Right then a back door swung open and a Chinese man, wearing a blood-stained apron and with a cigarette dangling from his mouth, strode out to dump a huge plastic garbage bag onto the curb. When he saw the kids and the kitten, a hateful grin split his face. He took a deep drag of his cigarette and flicked the lighted butt onto the kitten. “Dead cat!” he spat, then stalked back, slamming the door with a loud bang that seemed to make the ground shiver. The kids roared with laughter; the kitten jerked. The rotund kid dropped his bamboo stick and picked up the cigarette butt while his comrade cheered him on. “Yes! Poke it in the eyes, the eyes…”
“Stop that and leave her alone!” I shouted. My voice sounded surprisingly intimidating to my own ears. Both kids halted, the fat one’s hand hanging in midair. They looked up and studied me with eyes full of spite. Fat Boy gave me a dirty look and spat, “Bitch!” while Skinny made a gargoyle face by stretching his mouth with his filthy fingers and dropping his tongue. He shouted to Fat Boy “Let’s go!” and the gang of two dispersed noisily, feet splashing in puddles.
I knelt down by the kitten. She lay on the debris-littered sidewalk beside several huge garbage bins with rotten meat and vegetables spilling from the lids. The piece of maroon meat next to her gave off a sickening stench. I stooped nearer and murmured, “Meow, meow” as gently as I could while holding my breath. She struggled to open her eyes. “Meow, meow,” I cooed again, rubbing my finger against her nose, still cool. Then to my utter surprise, she raised her paw to grab. Instinctively I jerked back. But when she mustered all her strength to reach again, a revelation hit me. She was trying to play with the gold-plated Guan Yin pendant swinging from my neck! Deeply moved by this act of innocent desire, I took off the chain and swung the trinket in front of her. She must have found the sparkling gold fascinating, for despite her weakness, she managed to get up and wobble two steps toward me. She grabbed at my pendant several times, making languid arches with her puny paws. After that, she uttered a feeble “meow” and slowly plopped down, her eyelids dropping. Dying-I supposed-from food poisoning.

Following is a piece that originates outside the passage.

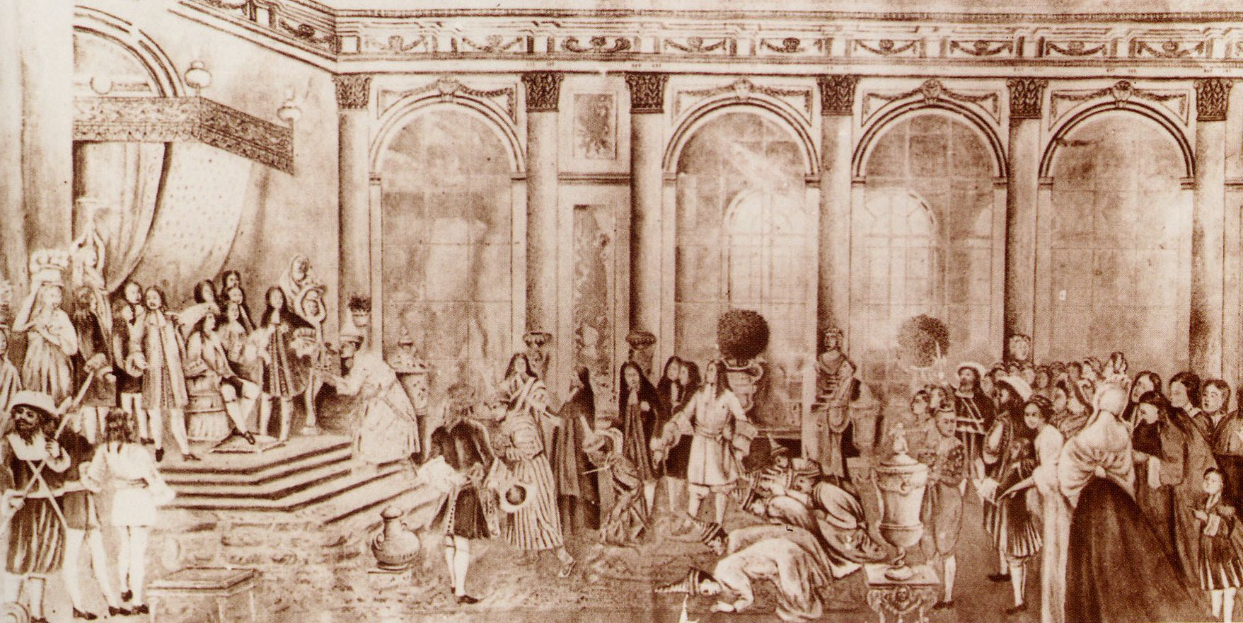 Siamese ambassador Kosa Pan presents King Narai's letter to Louis XIV's court at Versailles, 1 September 1686.
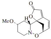 Secuammamide D structure

A sadness climbed up my spine. I stooped there to let the drizzle wet my face, not knowing what to do. Finally, I recited the Heart Sutra and said a short prayer to Guan Yin, asking the Goddess of Mercy to take her soul to the Western Paradise, so that when she was reborn in this world, she would be reincarnated as a human and lead a happier life.
After I finished my prayer I covered the kitten with some newspaper, then hurried out from the back alley. My head ached as I continued to wander along Mott Street, trying to forget what had happened in Lisa’s apartment while the kitten’s image lingered. When she saw my pendant she had wanted to play with it. Even a kitten facing death had not had her desire quenched. Let alone we humans! Dai Nam-hadn’t she spent her whole life hanging on fiercely to the very idea of letting go?